* Prompt
Write down exactly what lies from the line containing "原料:凉米饭200克、春笋8" to the end of the records, inclusive, and omit the pictures.

[Collected data entries]
■ ■ ■ ■ ■
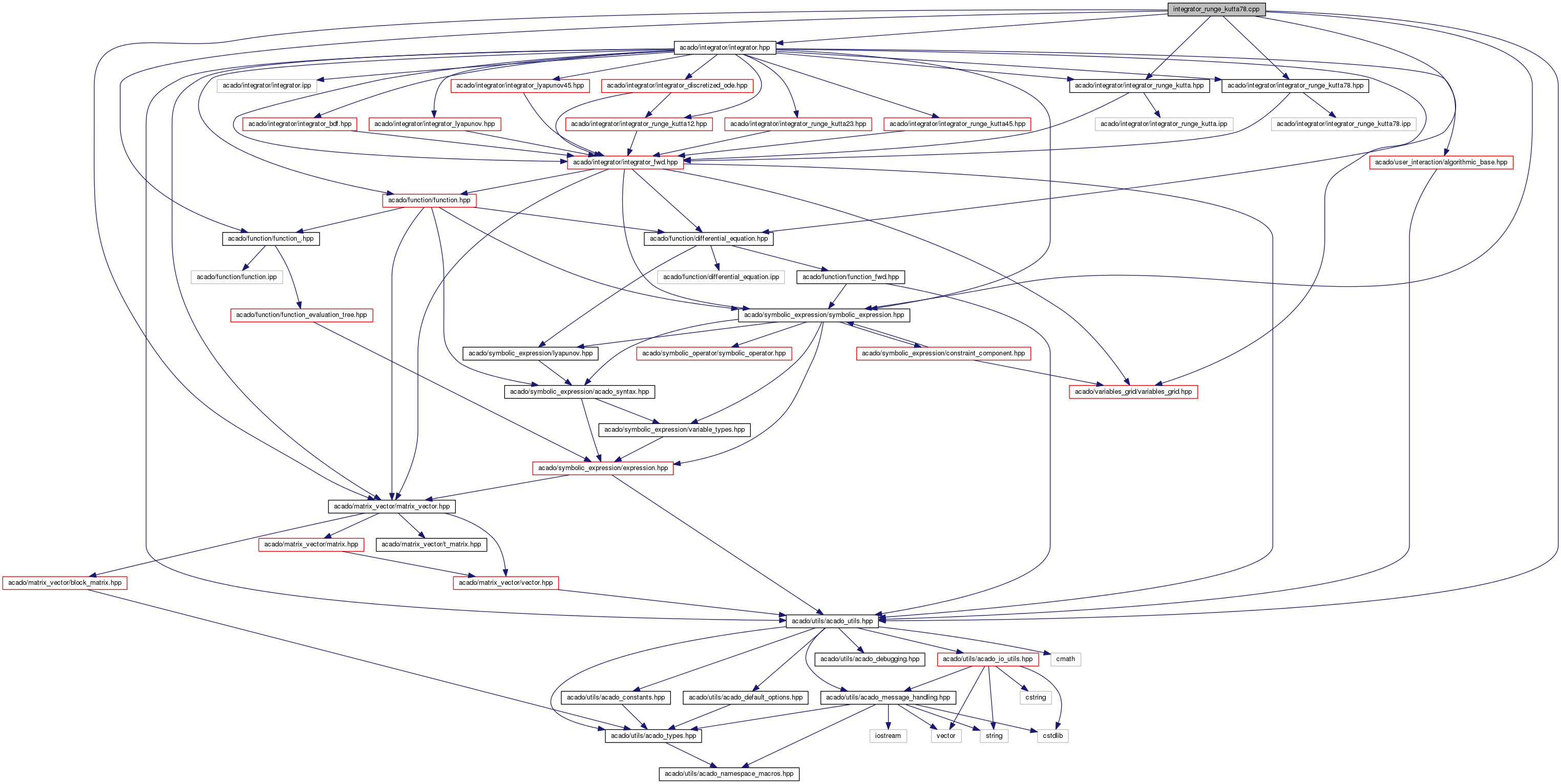 Include dependency graph for integrator_runge_kutta78.cpp:
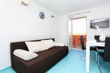 Ferienwohnung bietet Platz für 3 Gäste. Die Betten sind in Schlafzimmern, die es 1 gibt, und in Wohnzimmer, innerhalb einer Gesamtfläche von 27m2, angeordnet. Die Gäste haben einen eigenen Balkon zur Verfügung, auf der sie in warmen Sommernächten genießen können. Das Apartment bietet Meerblick. Es ist erlaubt, Speisen auf dem Gemeinschafts-Grill vorzubereiten.
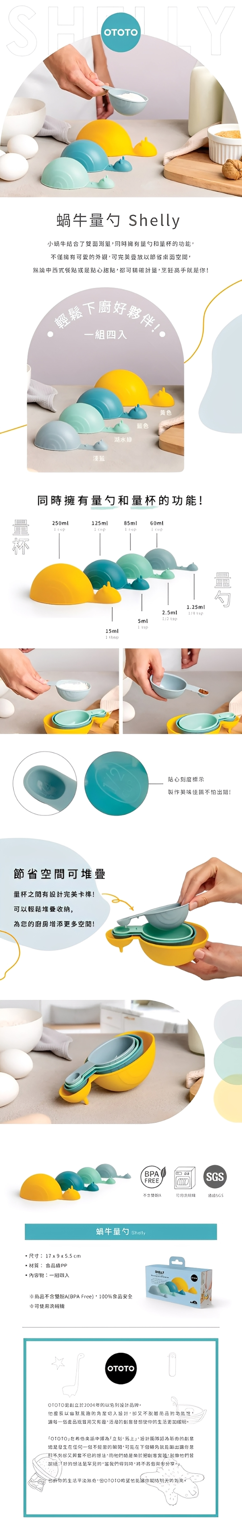 .小蝸牛結合了雙面測量,同時擁有量勺和量杯的功能。
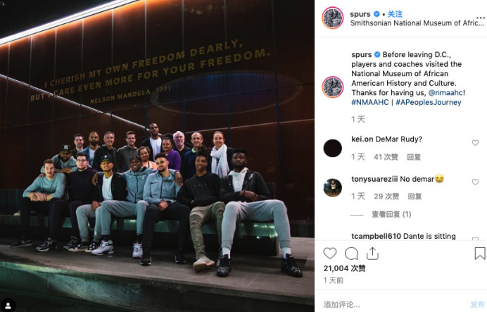 马刺最近状态不错,过去的4场比赛,他们拿下了其中的3场。虽然行程紧密,但最近马刺成员们,还是前往参观了国立非洲裔美国人历史和文化博物馆。
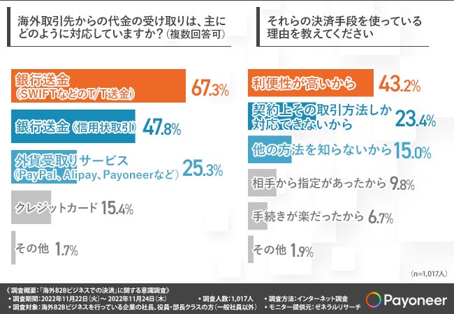 銀行送金(SWIFTなどのT/T送金)を利用している企業が最も多く、約7割に上りました。
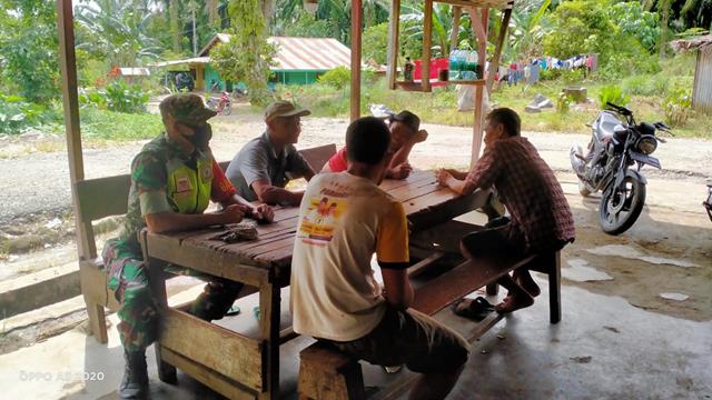 Simalungun  |  Dalam rangka untuk menciptakan dan meningkatkan kerja sama yang baik, dan menjaga silatuhrahmi antara Babinsa dan Masyarakat serta untuk kemanunggalan TNI dan Rakyat, dalam hal ini Personel Bintara Pembina Desa (Babisna) Koramil 20/Sindar Raya jajaran Kodim 0207/Simalungun Sertu K Saragih turun kewilayah binaan untuk melaksanakan kegiatan menghimbau untuk menggunakan masker dengan masyarakat dalam rangk auntuk menghimbau Masyarakat agar Menggunakan Masker Guna Memutus mata Rantai.Penyebaran Virus Covid-19, kegiatan tersebut yang dilaksanakan bertempat di Nagori Bah Tonang Kecamatan Raya Kahean Kabupaten Simalungun, Selasa (30/11/2021).
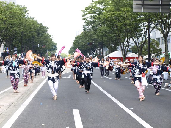 みんなの心を一つにして、法被の翼に夢をのせ、大和撫子と伊達な男達が希望と一緒に舞い踊っています。
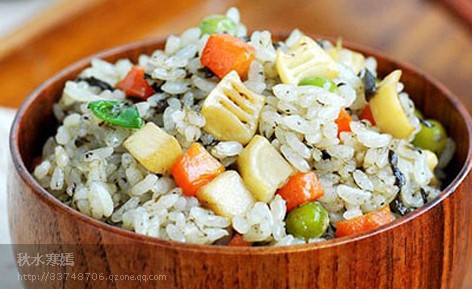 原料:凉米饭200克、春笋80克(去皮后)、胡萝卜40克、豌豆30克、榄菜2大匙、葱花5克。蚝油1大匙、盐1/2小匙。
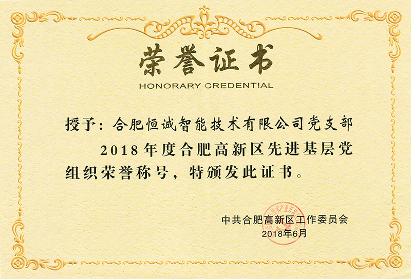 恒誠智能黨支部榮獲“2018年度合肥高新區(qū)先進基層黨組織”榮譽稱號
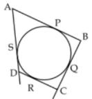 3. In the figure quadrilateral ABCD is drawn to circumscribe a circle. Prove that AD + BC = AB + CD.
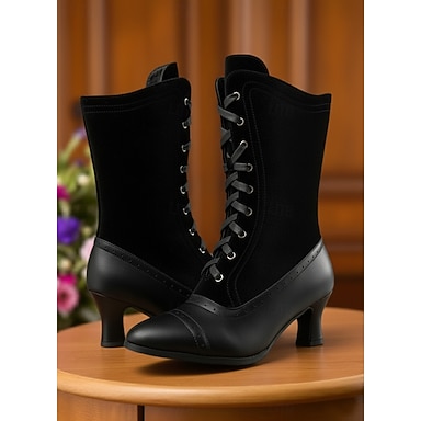 女性用ヴィンテージ ギャツビー ビクトリア朝 レースアップ ミッドヒール ブラック フェイクレザー ブーツ - 日常着、コスプレ、1920 年代のギャツビー パーティーに最適なスチームパンク ゴシック スタイル
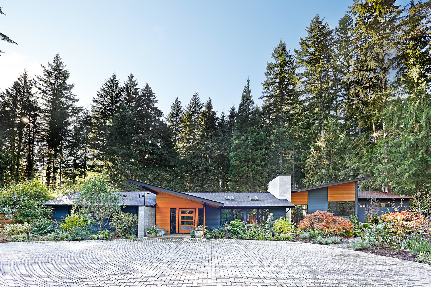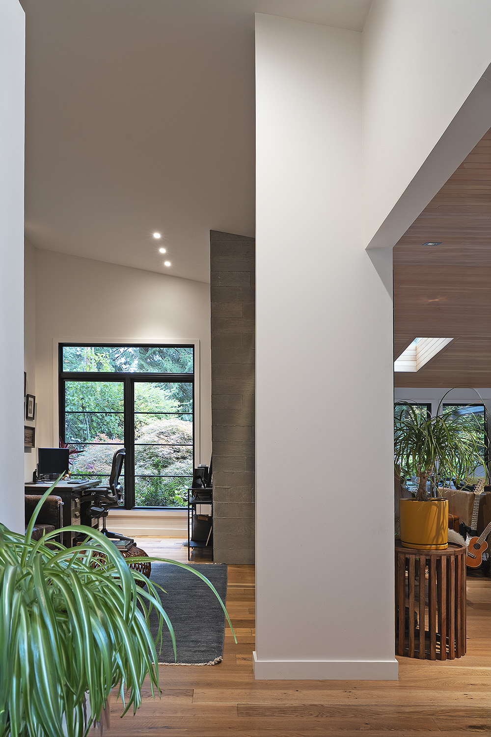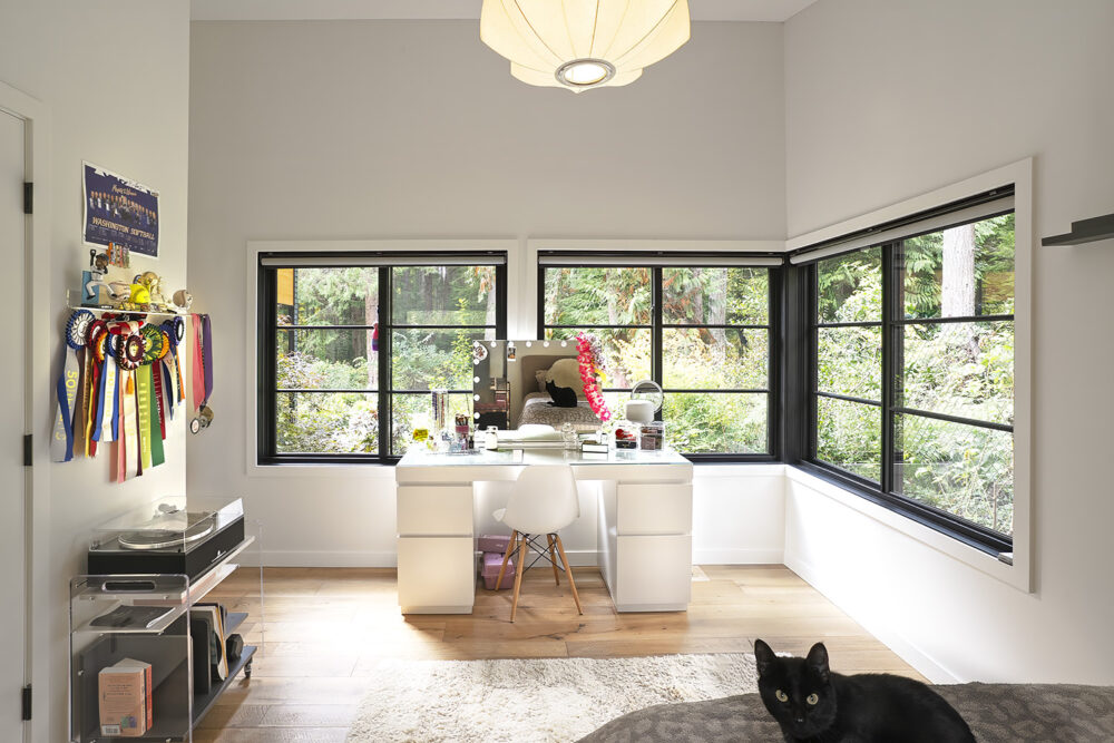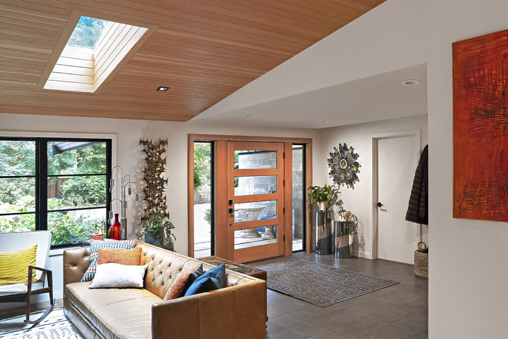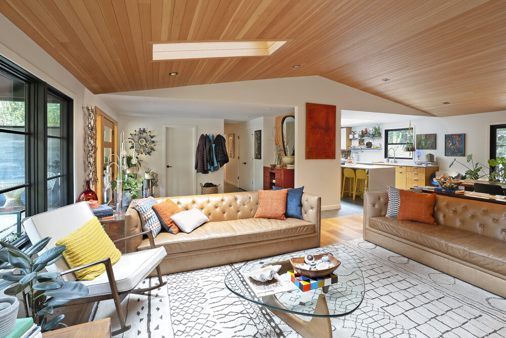 The DNA of the original rambler remains legible, but the expanded form reframes its relationship to the site. Rather than erasing the ranch house or deferring to it, the addition establishes a thoughtful dialogue between old and new. Large windows and vaulted ceilings open the home to the surrounding greenery, creating a continuous visual and spatial connection to the forest beyond.
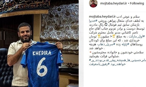 لباس رئال مادرید، سامی خدیرا بازیکن آلمانی حال حاضر یوونتوس ایتالیا هم به لطف یکی از خیرین به مبلغ 10میلیون تومان خریداری شد تا این مبلغ صرف زلزله زدگان شود.
■ ■ ■ ■ ■
* Solution
 原料:凉米饭200克、春笋80克(去皮后)、胡萝卜40克、豌豆30克、榄菜2大匙、葱花5克。蚝油1大匙、盐1/2小匙。
 恒誠智能黨支部榮獲“2018年度合肥高新區(qū)先進基層黨組織”榮譽稱號
 3. In the figure quadrilateral ABCD is drawn to circumscribe a circle. Prove that AD + BC = AB + CD.
 女性用ヴィンテージ ギャツビー ビクトリア朝 レースアップ ミッドヒール ブラック フェイクレザー ブーツ - 日常着、コスプレ、1920 年代のギャツビー パーティーに最適なスチームパンク ゴシック スタイル
 The DNA of the original rambler remains legible, but the expanded form reframes its relationship to the site. Rather than erasing the ranch house or deferring to it, the addition establishes a thoughtful dialogue between old and new. Large windows and vaulted ceilings open the home to the surrounding greenery, creating a continuous visual and spatial connection to the forest beyond.
 لباس رئال مادرید، سامی خدیرا بازیکن آلمانی حال حاضر یوونتوس ایتالیا هم به لطف یکی از خیرین به مبلغ 10میلیون تومان خریداری شد تا این مبلغ صرف زلزله زدگان شود.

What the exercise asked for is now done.